Anna Williams, geo-sustainability lead at Google EMEA, kickstarted the session with an optimistic statement: “A report by Google and the Boston Consulting Group shows that AI has the potential to help mitigate 5-10% of global greenhouse gas emissions by 2030.”
According to Williams, that’s the equivalent of the total annual emissions of the European Union.
The real estate sector, responsible for 40% of those emissions, will likely face fundamental changes as the global economy decarbonises to meet climate goals.
Ranjeet Bhalerao, CEO and co-founder of MapMortar, a virtual modelling and simulation platform for decarbonisation retrofit planning, highlighted the scale of the problem.
“To meet those climate targets of 1.5°C, we need to decarbonise one New York City worth of buildings every single week for the next 30 years,” he says, which would cost $1.3 trillion.
According to Bhalerao, one of the primary challenges in Real Estate decarbonisation is the lack of comprehensive, structured data on existing buildings — which is crucial for accurate analysis.

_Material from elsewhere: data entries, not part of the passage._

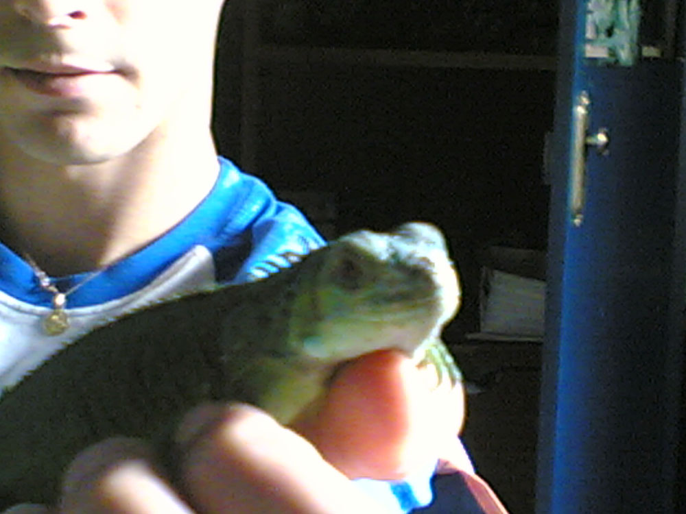 jeje, tendre que entrar con armadura cuando quiera limpiarle todo...hablando en serio, no creo que me suponga ningun problema, no "me va a querer comer" y seguro que ella se asuste mas que yo, paso mas de 4 o 5 horas al lado de ella, esta encima de mi escritorio, esta cara a cara conmigo todo el dia, y a veces me hacerco a mirarla mas cerca y se mosquea, y a veces no, esta zumbada, tengo pensado en un futuro mantener caimanes crocodilus, y eso comparado con la iguana...
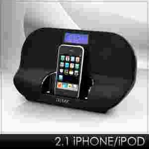 Urządzenie obsługujące iPody/ iPhony, połączone z radiem. Wejście AUX umożliwia rozszerzenie możliwości urządzenia. Zestaw stereo iPod wyposażony jest w radiobudzik, korzystający do wyboru z sygnałów z iPoda, radia lub standardowego alarmu.
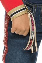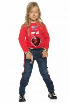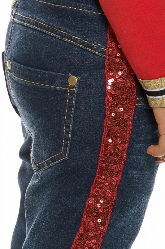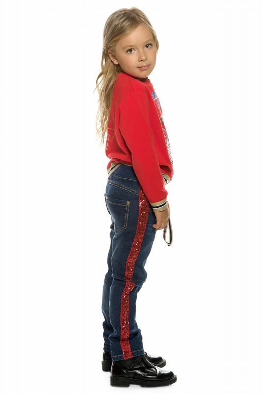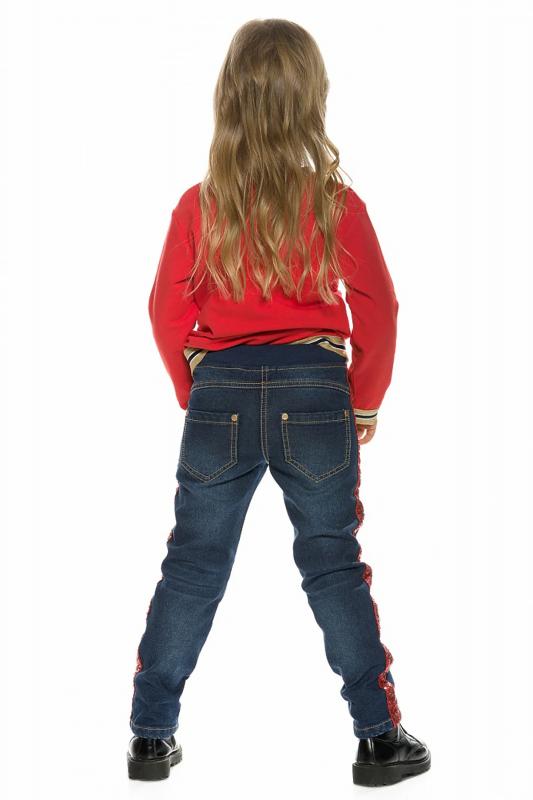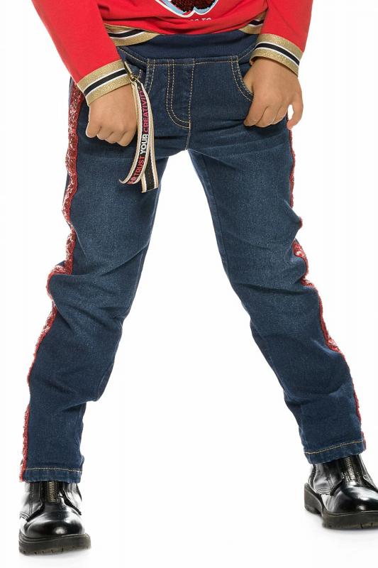 Джинсы для девочек с начёсом прямого силуэта, по бокам брючин декоративная капроновая тесьма с пайетками, по переду изделия золотистый карабин с принтованной репсовой тесьмой, перевод надписи Доверяй своему творчеству, пояс из эластичной рибаны с внутренней регулировкой шнурком.
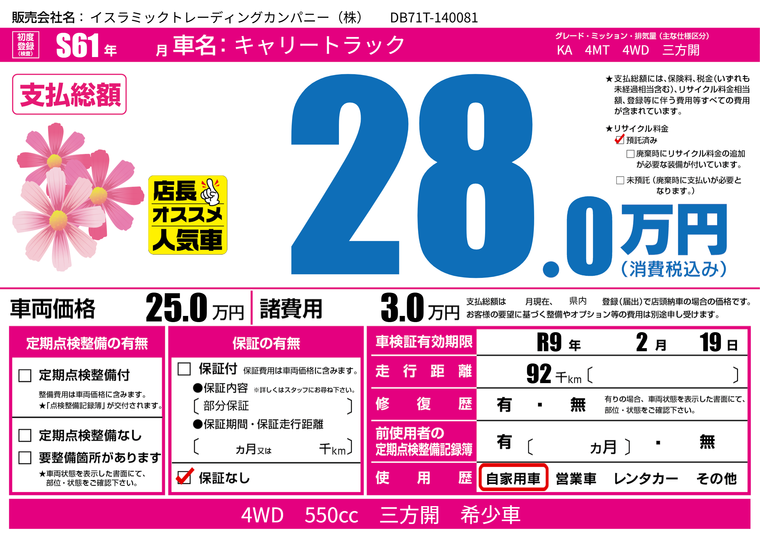 | 車名 | キャリートラック | グレード ミッション 排気量 |
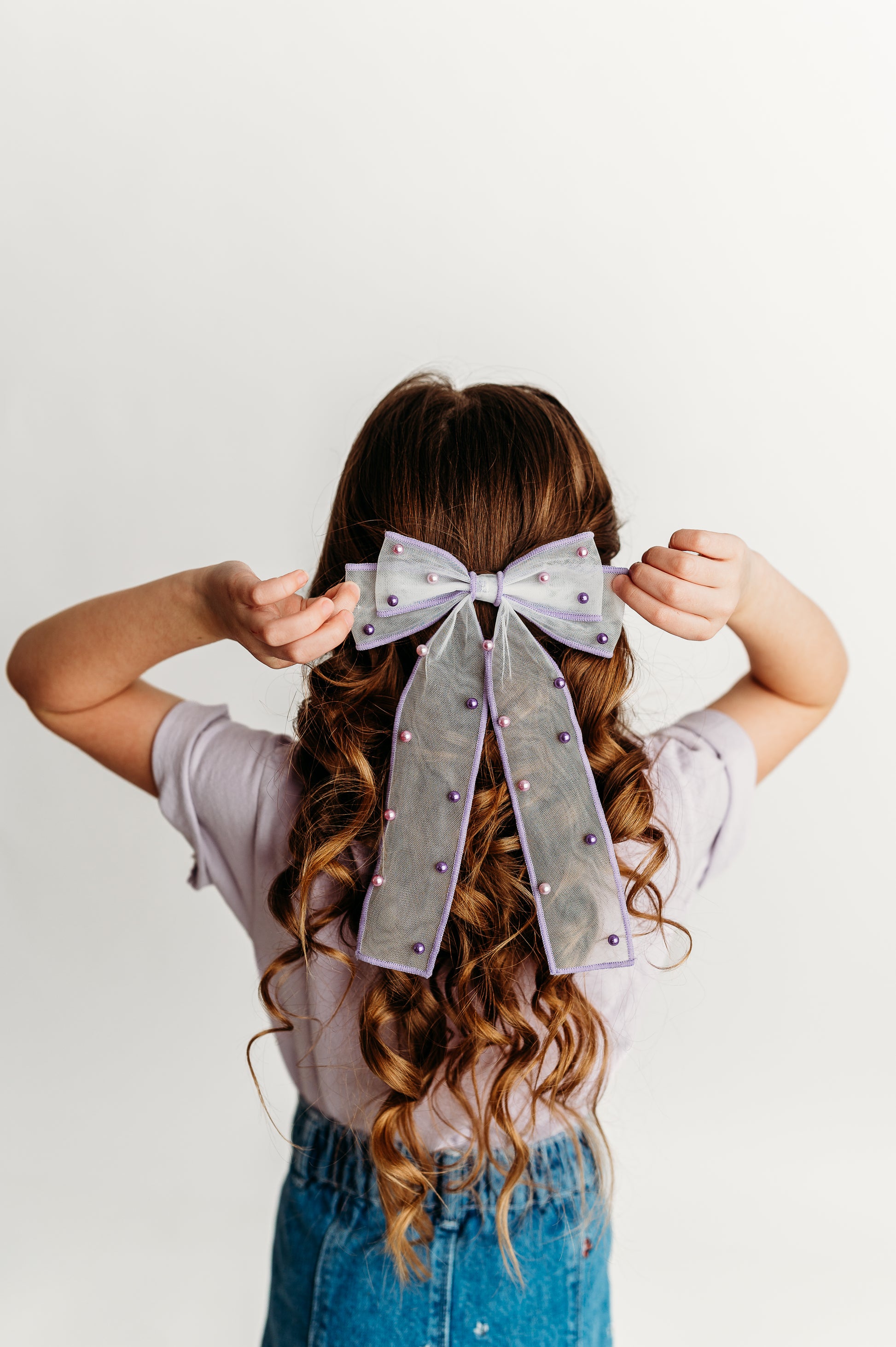 Crafted with a lightweight mesh base and finished with delicate pearl details, these bows are the sweetest statement piece. Available in small and large.

“You’ll find data in PDFs and Excel sheets, and even old files sitting in the basement, which nobody ever looks at,” he said.
AI will enable users to structure data in a way that makes it usable, viewable, and understandable.
It can quickly extract valuable insights from various data sources, which would take humans a lot more time to complete.
“With a simple click of a button, AI can analyse complex graphs and charts to provide information such as your building’s EPC, areas where you might not comply with regulations, energy usage, and associated costs,” said Bhalerao.
Another issue the industry faces is that many Real Estate owners can’t easily find the energy performance data of their buildings, “It’s a huge problem in the industry,” according to Bhalerao.
However, MapMortar uses image recognition, powered by AI, to create building profiles based on predictive data. “We’re training our models to look at images and start giving information — like, that building is six stories tall, has so many windows, has this type of facade, built in this year — and therefore potentially has these characteristics.”
“When you have loads of complex parameters that affect a building, AI could start predicting how the building is going to perform or is performing today,” he continues, “We can use surrogates to predict the end performance and the carbon performance of the building.”
From urban landscapes to the wild expanses of nature — AI is covering all bases.
The same technologies that can parse complex data to optimise building energy efficiency are also unlocking new frontiers in conservation.
In conservation, AI is proving instrumental in monitoring and protecting biodiversity. Robin Freeman, head of indicators and assessments at the Institute of Zoology within the Zoological Society of London, explained some of the ways that AI is transforming processes.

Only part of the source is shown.